Exercise prompt ▸ Exact repetition of a range: find the line containing "The Bow-tiful in" and the line containing "Гарантия, месяцы: 24;" in the material below, then repeat both and all lines between them, leaving pictures out.

━━━ Extracted information ━━━

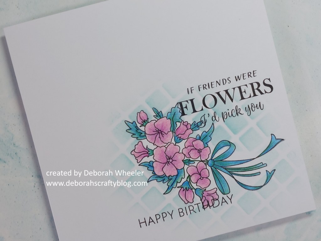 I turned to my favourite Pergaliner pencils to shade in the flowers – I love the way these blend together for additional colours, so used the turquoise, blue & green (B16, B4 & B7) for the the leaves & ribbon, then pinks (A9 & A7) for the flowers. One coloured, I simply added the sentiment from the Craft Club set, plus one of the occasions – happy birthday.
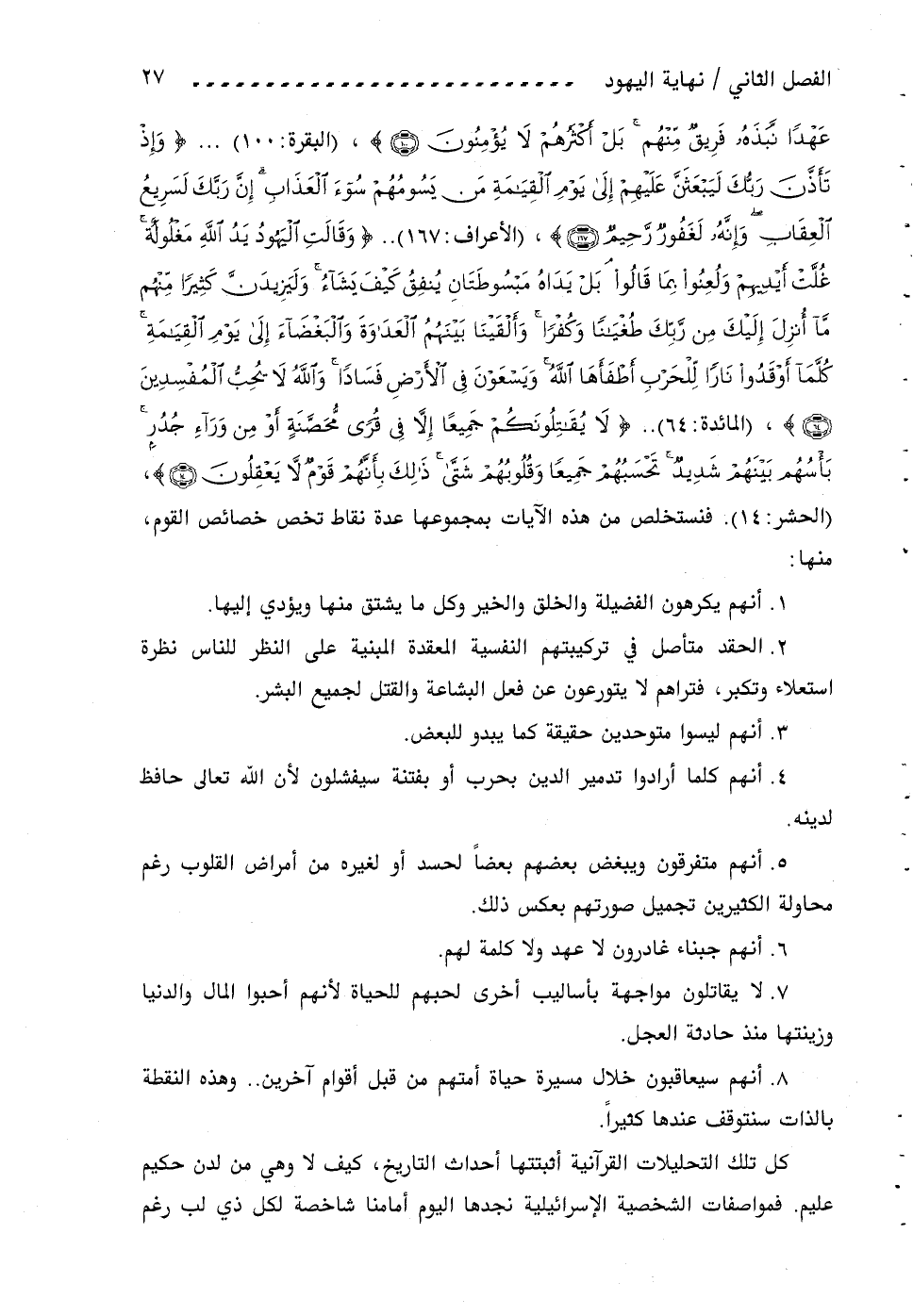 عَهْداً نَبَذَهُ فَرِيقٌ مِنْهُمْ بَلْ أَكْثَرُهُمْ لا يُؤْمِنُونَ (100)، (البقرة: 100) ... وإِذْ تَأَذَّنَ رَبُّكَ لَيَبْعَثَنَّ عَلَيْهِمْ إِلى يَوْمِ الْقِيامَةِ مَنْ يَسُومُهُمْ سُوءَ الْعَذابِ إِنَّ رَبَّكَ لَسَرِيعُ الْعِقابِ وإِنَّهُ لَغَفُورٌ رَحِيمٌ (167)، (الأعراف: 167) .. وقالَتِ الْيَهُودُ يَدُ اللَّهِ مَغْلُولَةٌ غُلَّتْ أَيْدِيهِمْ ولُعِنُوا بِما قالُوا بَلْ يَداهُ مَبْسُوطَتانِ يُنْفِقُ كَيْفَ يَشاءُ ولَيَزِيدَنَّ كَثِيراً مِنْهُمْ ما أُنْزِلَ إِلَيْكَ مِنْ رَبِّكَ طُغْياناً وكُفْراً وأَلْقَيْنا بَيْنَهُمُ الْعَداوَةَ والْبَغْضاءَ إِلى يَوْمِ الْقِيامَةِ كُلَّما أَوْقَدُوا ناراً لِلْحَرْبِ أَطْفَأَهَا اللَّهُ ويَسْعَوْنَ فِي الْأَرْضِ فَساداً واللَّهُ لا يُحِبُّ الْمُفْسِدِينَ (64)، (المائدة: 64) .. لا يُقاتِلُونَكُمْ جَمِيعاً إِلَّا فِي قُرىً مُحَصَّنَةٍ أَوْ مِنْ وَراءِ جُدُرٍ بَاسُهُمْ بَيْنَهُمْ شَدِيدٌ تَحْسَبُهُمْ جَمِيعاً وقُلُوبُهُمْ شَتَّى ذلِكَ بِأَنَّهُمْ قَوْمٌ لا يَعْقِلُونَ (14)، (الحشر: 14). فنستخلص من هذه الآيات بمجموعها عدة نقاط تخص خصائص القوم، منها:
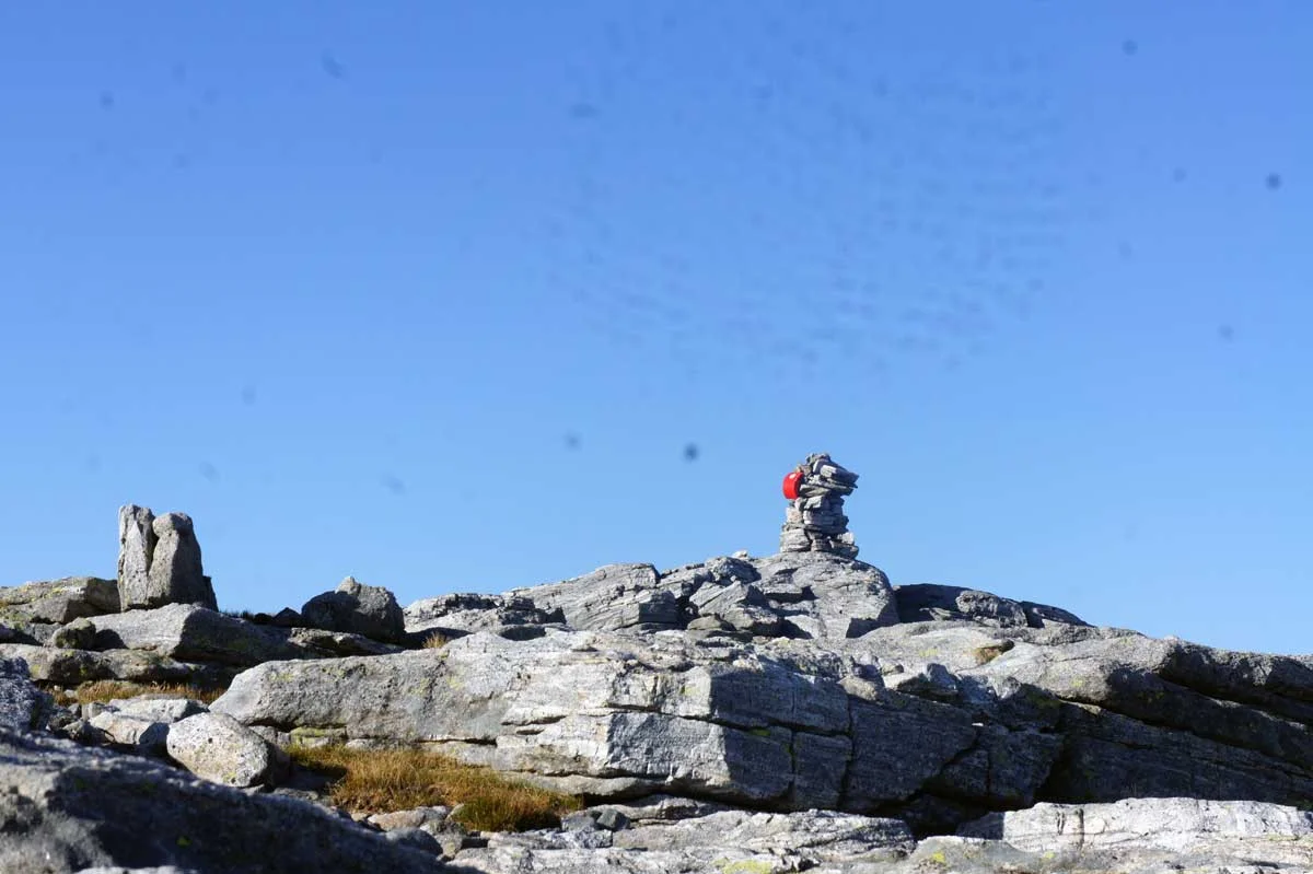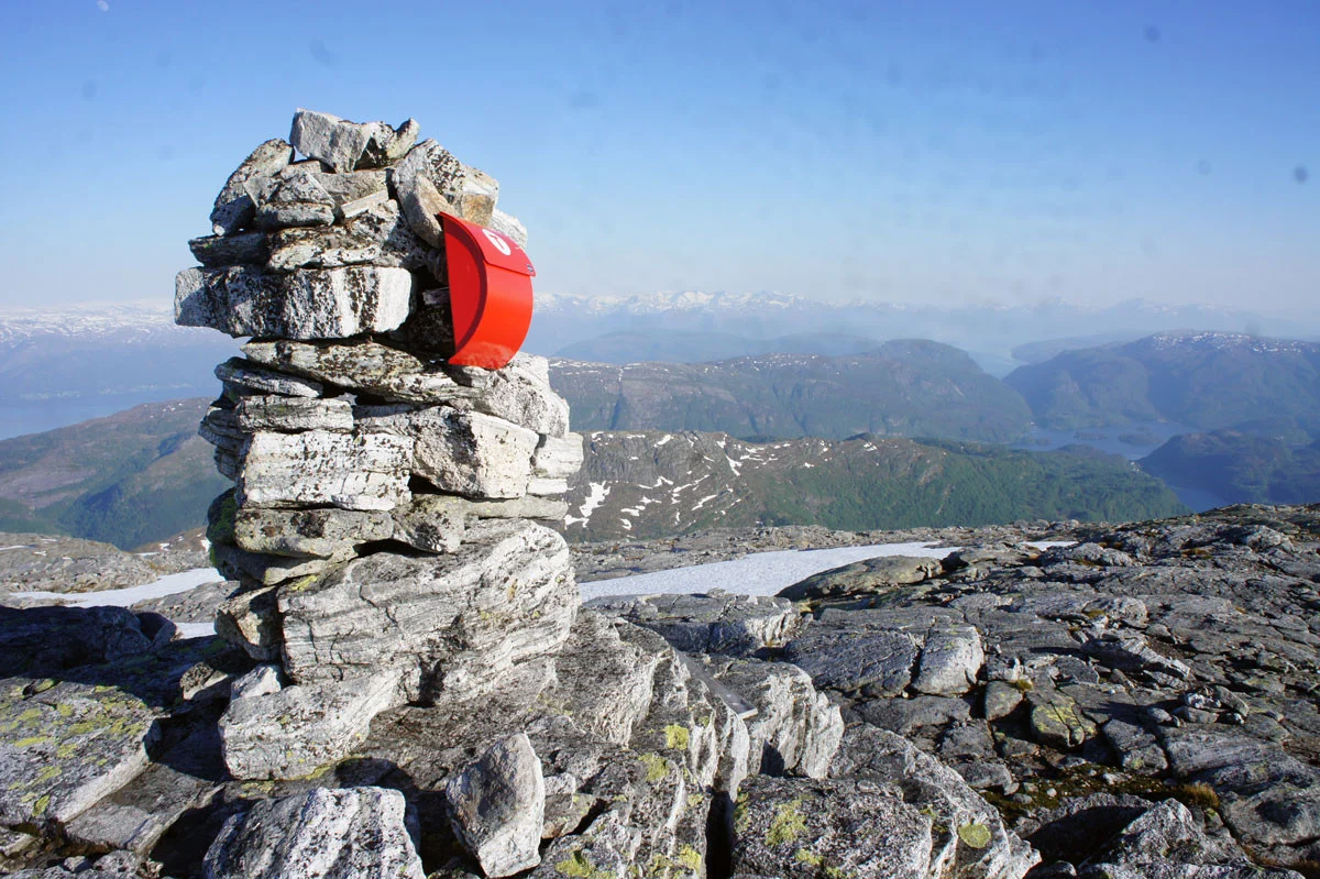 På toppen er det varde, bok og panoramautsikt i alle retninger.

━━━
━━━ Extracted information ━━━

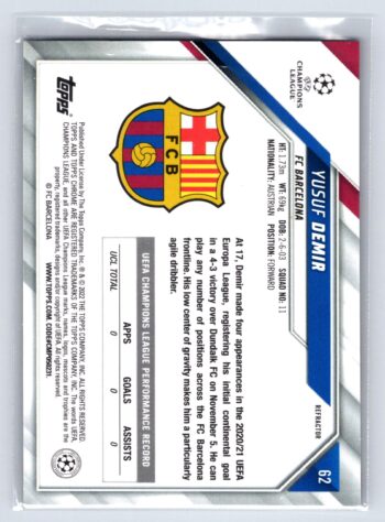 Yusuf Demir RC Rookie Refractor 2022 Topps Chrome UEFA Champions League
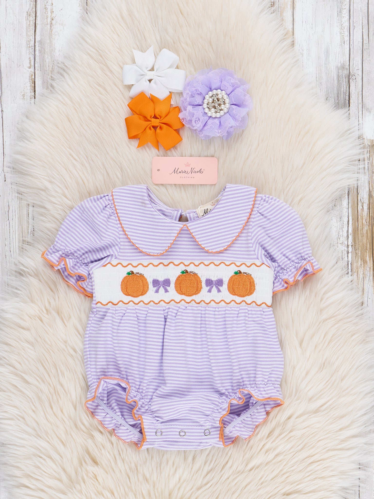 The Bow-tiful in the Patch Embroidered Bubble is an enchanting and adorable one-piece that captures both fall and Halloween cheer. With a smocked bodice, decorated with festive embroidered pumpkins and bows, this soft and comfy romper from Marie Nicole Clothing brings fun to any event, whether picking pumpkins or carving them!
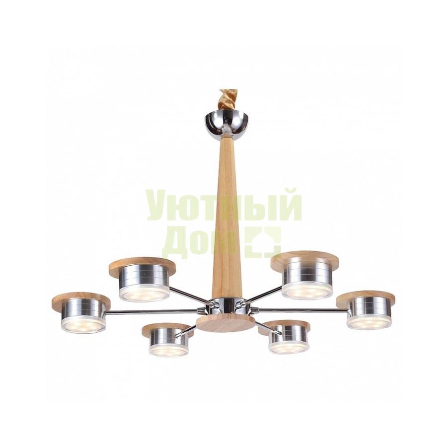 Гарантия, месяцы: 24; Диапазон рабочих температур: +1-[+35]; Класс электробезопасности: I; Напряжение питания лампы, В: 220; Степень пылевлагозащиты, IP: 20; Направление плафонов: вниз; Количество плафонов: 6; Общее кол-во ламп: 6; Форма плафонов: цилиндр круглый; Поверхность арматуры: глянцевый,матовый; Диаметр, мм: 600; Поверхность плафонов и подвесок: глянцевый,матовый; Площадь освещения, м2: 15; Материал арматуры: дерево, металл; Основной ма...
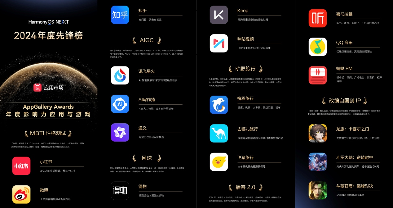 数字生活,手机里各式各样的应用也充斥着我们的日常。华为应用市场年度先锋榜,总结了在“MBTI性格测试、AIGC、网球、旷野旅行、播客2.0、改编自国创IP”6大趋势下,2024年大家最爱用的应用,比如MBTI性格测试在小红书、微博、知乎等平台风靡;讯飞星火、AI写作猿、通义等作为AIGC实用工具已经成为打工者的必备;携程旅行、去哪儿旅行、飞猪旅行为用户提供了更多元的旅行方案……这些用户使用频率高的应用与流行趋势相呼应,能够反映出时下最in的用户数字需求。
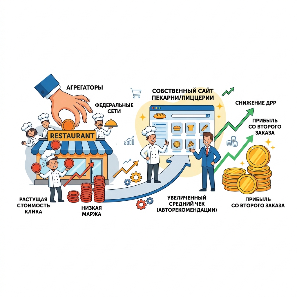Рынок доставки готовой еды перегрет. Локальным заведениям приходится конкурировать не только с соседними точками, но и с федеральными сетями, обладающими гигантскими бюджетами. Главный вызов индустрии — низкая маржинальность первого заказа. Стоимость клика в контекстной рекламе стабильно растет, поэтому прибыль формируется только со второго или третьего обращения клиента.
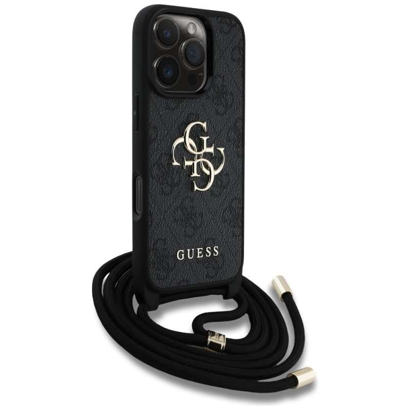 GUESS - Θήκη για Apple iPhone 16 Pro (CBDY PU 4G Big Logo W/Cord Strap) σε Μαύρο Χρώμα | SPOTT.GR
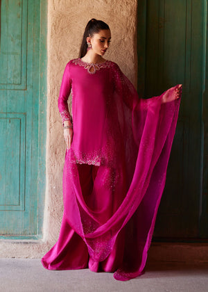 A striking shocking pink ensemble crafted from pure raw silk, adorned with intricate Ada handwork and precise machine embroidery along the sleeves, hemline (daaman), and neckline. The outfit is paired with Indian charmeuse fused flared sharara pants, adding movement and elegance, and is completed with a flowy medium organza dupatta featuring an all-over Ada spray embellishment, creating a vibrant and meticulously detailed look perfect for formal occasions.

━━━
━━━ Extracted information ━━━

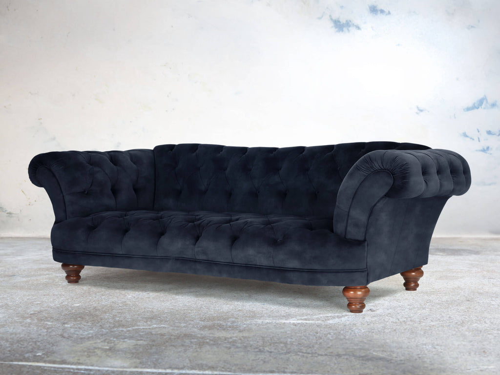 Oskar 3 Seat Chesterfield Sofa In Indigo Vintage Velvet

━━━

Solution to this problem ▸
 The Bow-tiful in the Patch Embroidered Bubble is an enchanting and adorable one-piece that captures both fall and Halloween cheer. With a smocked bodice, decorated with festive embroidered pumpkins and bows, this soft and comfy romper from Marie Nicole Clothing brings fun to any event, whether picking pumpkins or carving them!
 Гарантия, месяцы: 24; Диапазон рабочих температур: +1-[+35]; Класс электробезопасности: I; Напряжение питания лампы, В: 220; Степень пылевлагозащиты, IP: 20; Направление плафонов: вниз; Количество плафонов: 6; Общее кол-во ламп: 6; Форма плафонов: цилиндр круглый; Поверхность арматуры: глянцевый,матовый; Диаметр, мм: 600; Поверхность плафонов и подвесок: глянцевый,матовый; Площадь освещения, м2: 15; Материал арматуры: дерево, металл; Основной ма...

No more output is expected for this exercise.